Yes, exactly. Only changes recorded, so unchanged files don't add
extra space in repository.
>
> The reason why I'm asking (in case it would help clarify what I'm
> asking) is
> because I'm thinking of making a few directories versioned on my computer,
> and instead of having to run bzr to commit everytime I change something,
> I'm
> thinking of scheduling a task for bzr to try to commit said
> directories/branches on a regular basis (say daily or weekly); since Bazaar
> won't commit if nothing's changed, that works according to plan, but now
> I'm
> curious as to which is "better" in terms of storage space, commit a
> particular FILE (i.e., if I edit something, I commit it afterwards) or if I
> should just let the scheduler take care of things since it will only commit
> the file (in essence) after all.
Bazaar operate in terms of working tree. Usually you have some project,
in which you have many sources/binaries files. This we call "working tree"
or "checkout of branch". Branch also have internal metadata as revisions
that forms actual history of your project.
When you commit some state of project you need to commit several files at once,
otherwise you end up with different set of changes in history and on the disk.
This is bad, because when you need to restore old state of project you need
to do hard work.
So better to commit every time entire state of project at the points where
it's working and don't have critical errors/bugs. Or, if you
need to fix current state of project (even if it break something important)

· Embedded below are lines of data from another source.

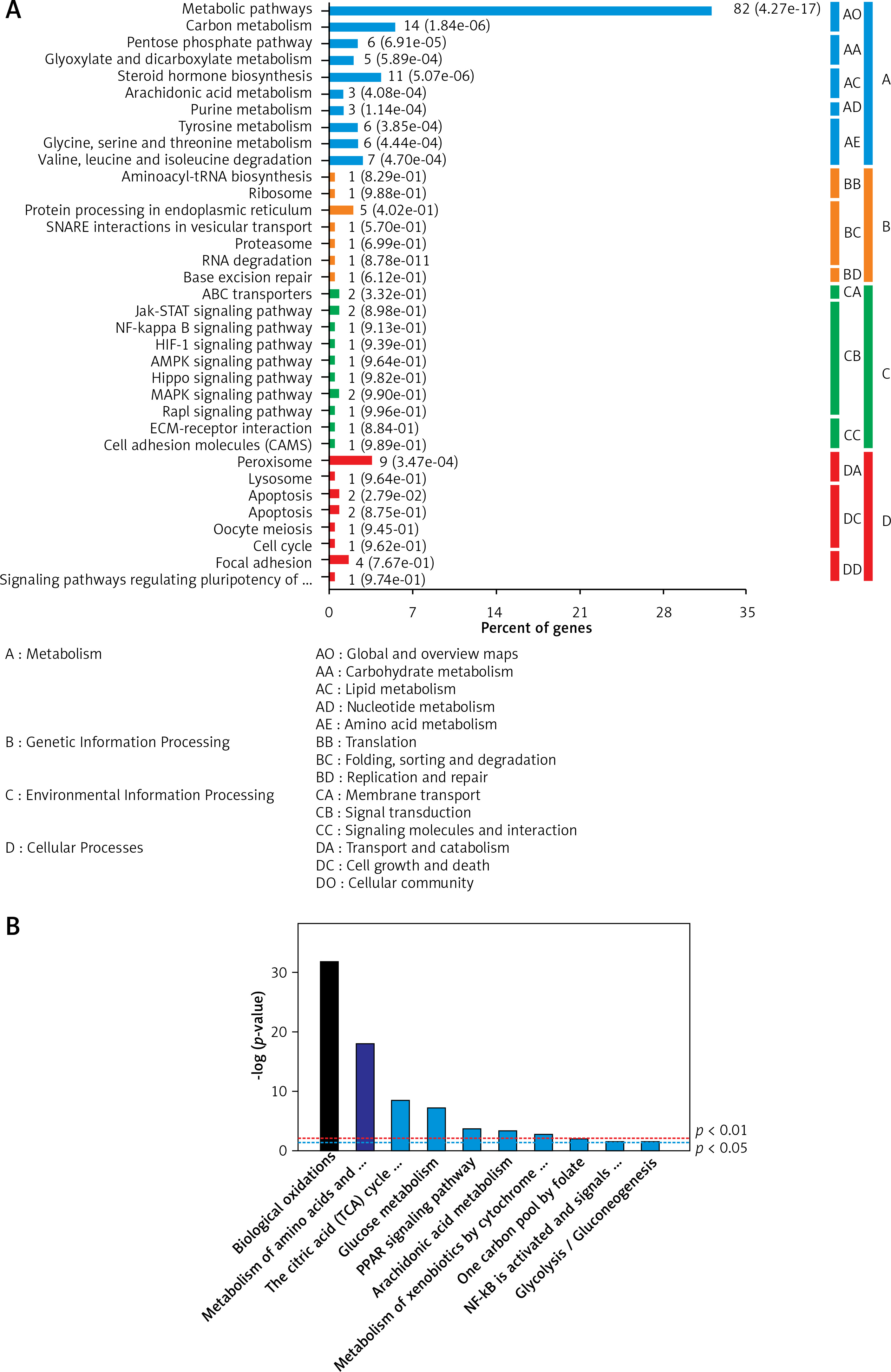 The key signalling pathways involved in the 2 groups. A – The key signalling pathways involved in the hepatocellular carcinoma tissues/distal noncancerous tissues group. B – The key signalling pathways involved in the adjacent noncancerous tissues/distal noncancerous tissues group. The top 10 enriched signalling pathways were displayed in the figures
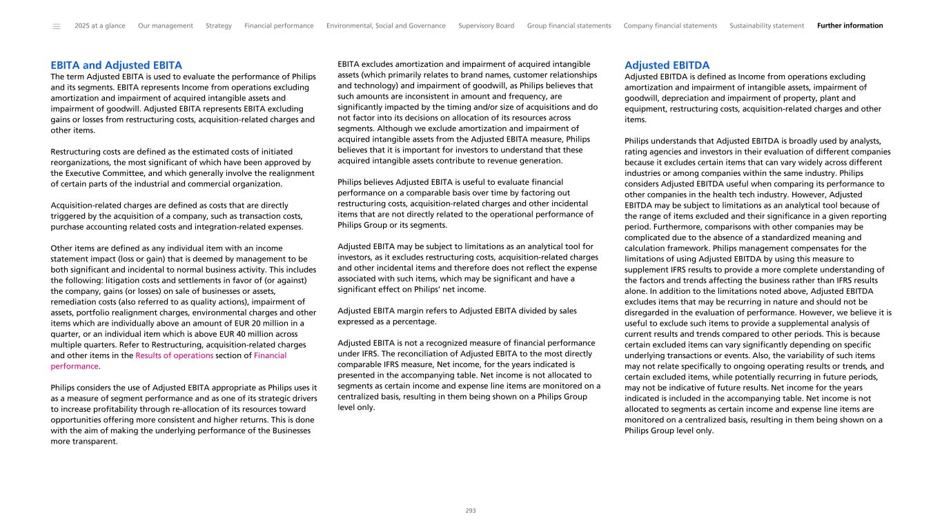 EBITA and Adjusted EBITA The term Adjusted EBITA is used to evaluate the performance of Philips and its segments. EBITA represents Income from operations excluding amortization and impairment of acquired intangible assets and impairment of goodwill. Adjusted EBITA represents EBITA excluding gains or losses from restructuring costs, acquisition-related charges and other items. Restructuring costs are defined as the estimated costs of initiated reorganizations, the most significant of which have been approved by the Executive Committee, and which generally involve the realignment of certain parts of the industrial and commercial organization. Acquisition-related charges are defined as costs that are directly triggered by the acquisition of a company, such as transaction costs, purchase accounting related costs and integration-related expenses. Other items are defined as any individual item with an income statement impact (loss or gain) that is deemed by management to be both significant and incidental to normal business activity. This includes the following: litigation costs and settlements in favor of (or against) the company, gains (or losses) on sale of businesses or assets, remediation costs (also referred to as quality actions), impairment of assets, portfolio realignment charges, environmental charges and other items which are individually above an amount of EUR 20 million in a quarter, or an individual item which is above EUR 40 million across multiple quarters. Refer to Restructuring, acquisition-related charges and other items in the Results of operations section of Financial performance. Philips considers the use of Adjusted EBITA appropriate as Philips uses it as a measure of segment performance and as one of its strategic drivers to increase profitability through re-allocation of its resources toward opportunities offering more consistent and higher returns. This is done with the aim of making the underlying performance of the Businesses more transparent. EBITA excludes amortization and impairment of acquired intangible assets (which primarily relates to brand names, customer relationships and technology) and impairment of goodwill, as Philips believes that such amounts are inconsistent in amount and frequency, are significantly impacted by the timing and/or size of acquisitions and do not factor into its decisions on allocation of its resources across segments. Although we exclude amortization and impairment of acquired intangible assets from the Adjusted EBITA measure, Philips believes that it is important for investors to understand that these acquired intangible assets contribute to revenue generation. Philips believes Adjusted EBITA is useful to evaluate financial performance on a comparable basis over time by factoring out restructuring costs, acquisition-related charges and other incidental items that are not directly related to the operational performance of Philips Group or its segments. Adjusted EBITA may be subject to limitations as an analytical tool for investors, as it excludes restructuring costs, acquisition-related charges and other incidental items and therefore does not reflect the expense associated with such items, which may be significant and have a significant effect on Philips’ net income. Adjusted EBITA margin refers to Adjusted EBITA divided by sales expressed as a percentage. Adjusted EBITA is not a recognized measure of financial performance under IFRS. The reconciliation of Adjusted EBITA to the most directly comparable IFRS measure, Net income, for the years indicated is presented in the accompanying table. Net income is not allocated to segments as certain income and expense line items are monitored on a centralized basis, resulting in them being shown on a Philips Group level only. Adjusted EBITDA Adjusted EBITDA is defined as Income from operations excluding amortization and impairment of intangible assets, impairment of goodwill, depreciation and impairment of property, plant and equipment, restructuring costs, acquisition-related charges and other items. Philips understands that Adjusted EBITDA is broadly used by analysts, rating agencies and investors in their evaluation of different companies because it excludes certain items that can vary widely across different industries or among companies within the same industry. Philips considers Adjusted EBITDA useful when comparing its performance to other companies in the health tech industry. However, Adjusted EBITDA may be subject to limitations as an analytical tool because of the range of items excluded and their significance in a given reporting period. Furthermore, comparisons with other companies may be complicated due to the absence of a standardized meaning and calculation framework. Philips management compensates for the limitations of using Adjusted EBITDA by using this measure to supplement IFRS results to provide a more complete understanding of the factors and trends affecting the business rather than IFRS results alone. In addition to the limitations noted above, Adjusted EBITDA excludes items that may be recurring in nature and should not be disregarded in the evaluation of performance. However, we believe it is useful to exclude such items to provide a supplemental analysis of current results and trends compared to other periods. This is because certain excluded items can vary significantly depending on specific underlying transactions or events. Also, the variability of such items may not relate specifically to ongoing operating results or trends, and certain excluded items, while potentially recurring in future periods, may not be indicative of future results. Net income for the years indicated is included in the accompanying table. Net income is not allocated to segments as certain income and expense line items are monitored on a centralized basis, resulting in them being shown on a Philips Group level only. ______ 2025 at a glance Our management Strategy Financial performance 
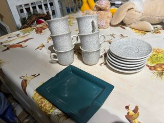 Juego de café y cenicero. Ideal para amantes del café clásico. - 6 tazas de café apilables con un diseño elegante y moteado. - 6 platillos a juego, también con diseño moteado. - 1 cenicero cuadrado de color verde oscuro.
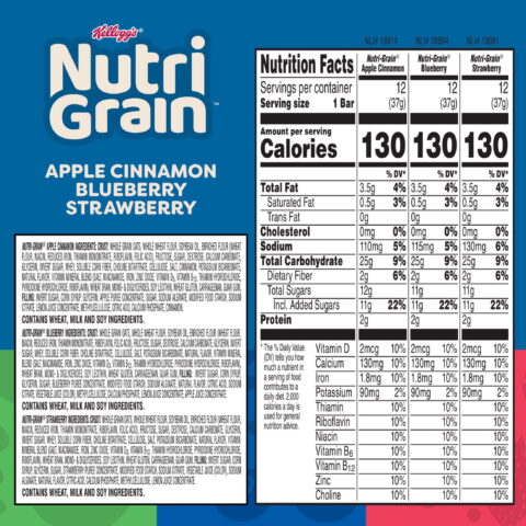 Nutri-Grain cereal bars are among the best-selling cereal bars on the market due to the quality ingredients and delicious flavor. Each bar contains dietary fiber, zero trans-fat, and zero cholesterol. Nutri-Grain soft-baked breakfast bars contain only 130 calories each–a tasty addition to any diet.
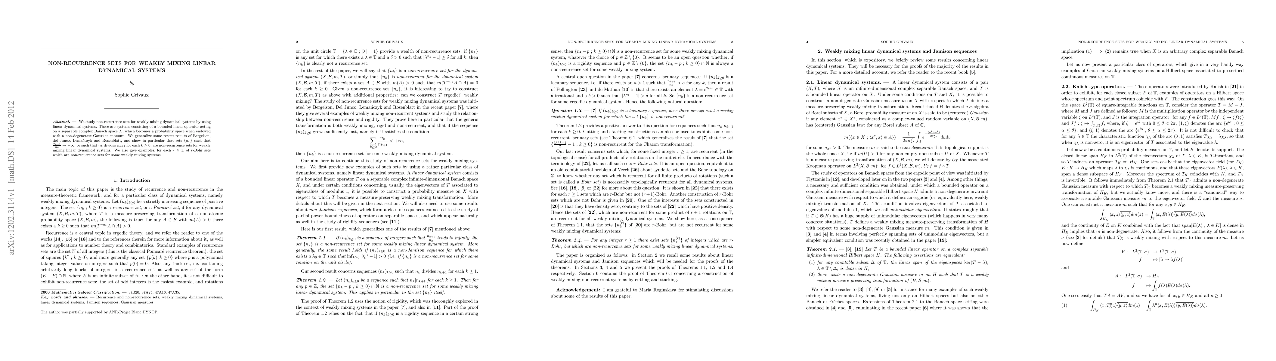 We study non-recurrence sets for weakly mixing dynamical systems by using linear dynamical systems. These are systems consisting of a bounded linear operator acting on a separable complex Banach space X, which becomes a probability space when endowed with a non-degenerate Gaussian measure. We generalize some recent results of Bergelson, del Junco, Lema\'nczyk and Rosenblatt, and show in particular that sets \{n_k\} such that n_{k+1}/{n_k} tends to infinity, or such that n_{k} divides n_{k+1} for each k, are non-recurrence sets for weakly mixing linear dynamical systems. We also give examples, for each r, of r-Bohr sets which are non-recurrence sets for some weakly mixing systems.
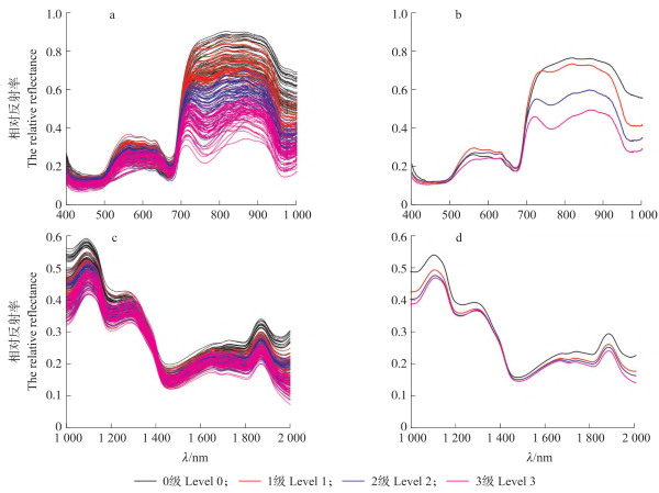 如圖13所示:在400~1000 nm、1000~2000 nm波長下,不同冷害程度獼猴桃的平均光譜的總體趨勢是相似的,正常樣品的相對反射率高于冷害樣品,冷害等級越高,相對反射率越低,這可能是由于冷害過程中獼猴桃果實中的成分發(fā)生了變化,樣本的組織塌陷、色素受損造成光反射減少,從而導致相對反射率隨冷害程度加劇而降低。

you usually add correct log message, so you can detect this while browsing
history of your project.
So, committing some states *automatically* on regular basis regardless of current
state of your project(s) is could be wrong idea. Because if you will
commit *automatically* (via cron or windows scheduler) you need to provide some
auto log message, that will be useless in long terms perspective.
And you will fix state of your files in unpredictable state.
If you talk about commit regularly, but manual, it's different.
But anyway, it's better to commit after you finish some step of your work
on project (even if this very small step). Because if you try to commit
many changes at once you have trouble to write good log message
(too many details, some of those you could simply forget, if you
commit once at week).
I hope my explanation clarify things a bit and give you some ideas.